Agamemnon, torn between paternal duty and the pride of command, eventually succumbed to the pressures of his brother Menelaus and the Greek army. To lure Iphigenia to Aulis, he sent a message to his wife, Clytemnestra, claiming their daughter was to be wed to the hero Achilles. Trusting in this great honour, mother and daughter arrived at the camp, only to discover a grim and brutal ceremony awaited them. In the version recounted by Lucretius, Iphigenia is indeed sacrificed—an act that poisons Agamemnon’s eventual homecoming and leads Clytemnestra, years later, to murder him in revenge. Lucretius closes this section with a line that Voltaire famously cherished: ‘Tantum religio potuit suadere malorum’—which we may translate, along with the poet David R. Slavitt, as saying: ‘By Superstition we are driven to deeds of such great evil.’
The first-century BCE Roman poet Lucretius employs this seventh-century BCE Greek myth because the ancient hold of superstitious—we would say, fundamentalist—religion upon the mind is the primary target of his entire poem. He saw that such religions of his own time, just like those of our own, are always rooted in a profound ignorance of the nature of things; an ignorance that, in turn, allows superstitious, fundamentalist priests, rabbis, and imams everywhere to drive so many people to deeds of such great evil.
And so, here, in this liberal, free-religious gathering, I think we should continue to hold to Lucretius’ basic insight. For him, as for us, the remedy for the ‘evils’ of such belief was not to adopt and promote what we today might call an equal and opposite dogmatic liberalism, but instead to promote an ongoing liberal, inquiring, and free-religious project that encourages a clear-eyed observation of the world as it actually is—that is to say, to try and truly see the Nature of Things. Our time of mindful meditation is, of course, one powerfully effective way to practise this, as, indeed, were you ever to come on a Sunday, you would find is followed by a period of thoughtful conversation, an attempt to be clear-eyed about what has been said and presented, and so forth.

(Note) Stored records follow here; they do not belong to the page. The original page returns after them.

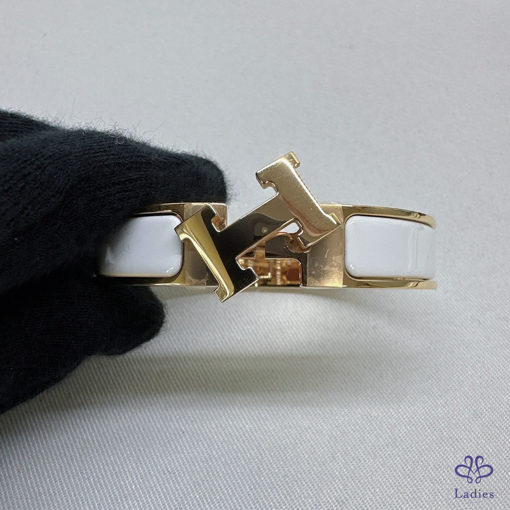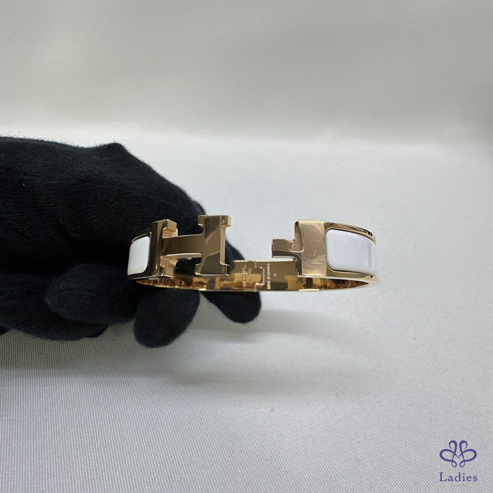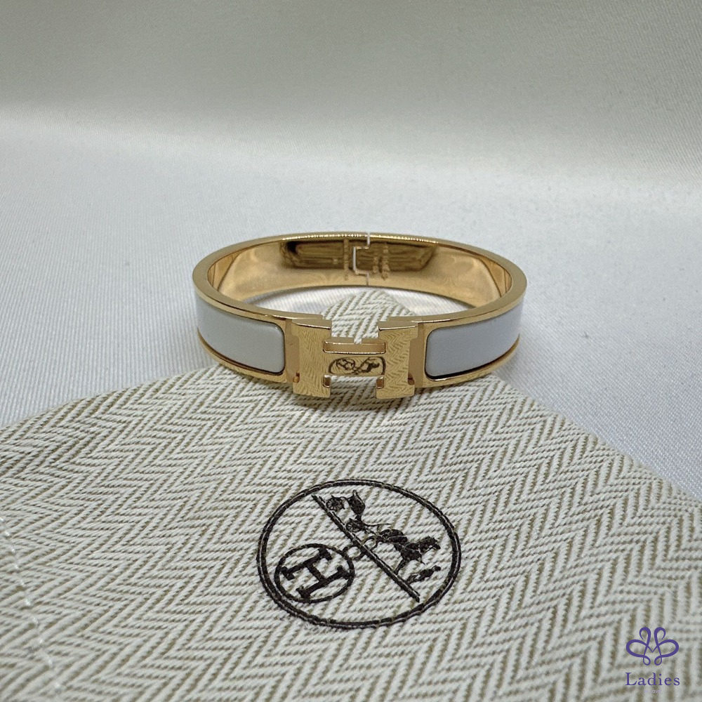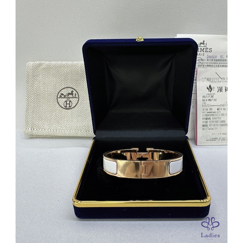 產品信息 【HERMES Clic H白金細版琺瑯手環】 以品牌經典「H」字金屬扣環為中心設計,結合優雅白色琺瑯與亮面金色金屬 無論是單戴或疊搭,都能輕鬆展現低調高貴的品味 ⚜️閒置近新品 ⚜️附件:防塵袋、購證、發票、精美盒子 #A114080905
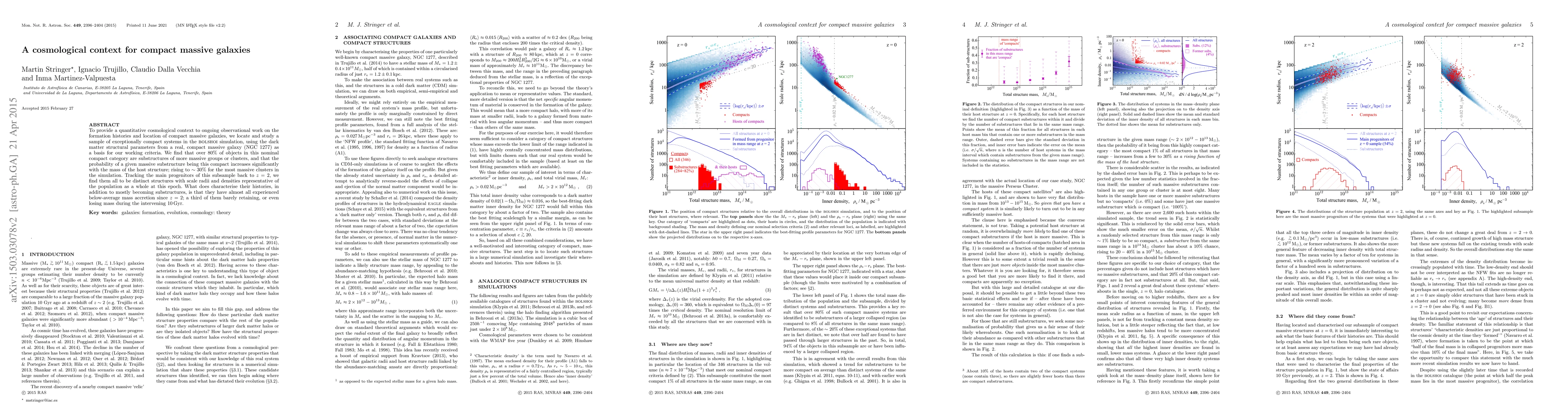 To provide a quantitative cosmological context to ongoing observational work on the formation histories and location of compact massive galaxies, we locate and study a sample of exceptionally compact systems in the Bolshoi simulation, using the dark matter structural parameters from a real, compact massive galaxy (NGC 1277) as a basis for our working criteria. We find that over 80% of objects in this nominal compact category are substructures of more massive groups or clusters, and that the probability of a given massive substructure being this compact increases significantly with the mass of the host structure; rising to ~30% for the most massive clusters in the simulation. Tracking the main progenitors of this subsample back to z=2, we find them all to be distinct structures with scale radii and densities representative of the population as a whole at this epoch. What does characterise their histories, in addition to mostly becoming substructures, is that they have almost all experienced below-average mass accretion since z=2; a third of them barely retaining, or even losing mass during the intervening 10 Gyr.
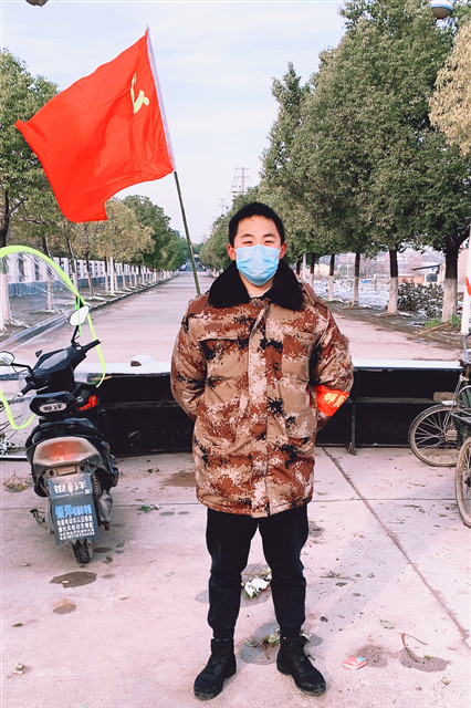 随着疫情的迅速扩散,1月底,各个地区都启动了公共卫生事件一级响应,谢志鑫所在的和县力阳镇也积极响应,采取了对小区进行封闭式管理和道路进行强化过往管控等措施来防止疫情传播。由于和县乡村道路数量多,小区分布点位散,单靠政府工作人员值守远远不够,急需大量志愿服务人员。放假在家的谢志鑫得知此消息,第一时间请战投身疫情阻击战。谢志鑫被安排在路口执勤点进行登记劝阻工作。除了做好登记提醒和劝阻工作外,谢志鑫还会帮助执勤点做消毒和宣传推广的工作。有的时候,他会为附近的居民运输蔬菜,想方设法做一些自己力所能及的事情。
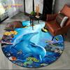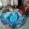 Unterwasserwelt Runder Bereichsteppich–Delfin & Schildkröte Ozean Teppich für Wohnzimmer oder Schlafzimmer–Rutschfeste Bodenmatte, Kinder Spielzimmer Deko

Anyway, in a world currently gripped by competing religious certainties and violent, messianic expectations, I think it is entirely appropriate to draw to a close with some words by Lucretius himself, taken from Book V of the poem (De Rerum Natura, 5.1198–1203, trans. David R. Slavitt):
How is it pious and wise to approach with covered head a piece of stone and fall prostrate before it to ask it for favours or for forgiveness? What is the point of splashing the blood of innocent beasts in showers upon these altars? Make promises to it? Swear oaths? Is it not better to live with a tranquil mind, surveying whatever one sees with a steady, clear-eyed acceptance? Our lives are hard enough, and full of sufficient woes that we have no need to look up at icily distant stars, imagining powerful gods who have been the cause of our griefs.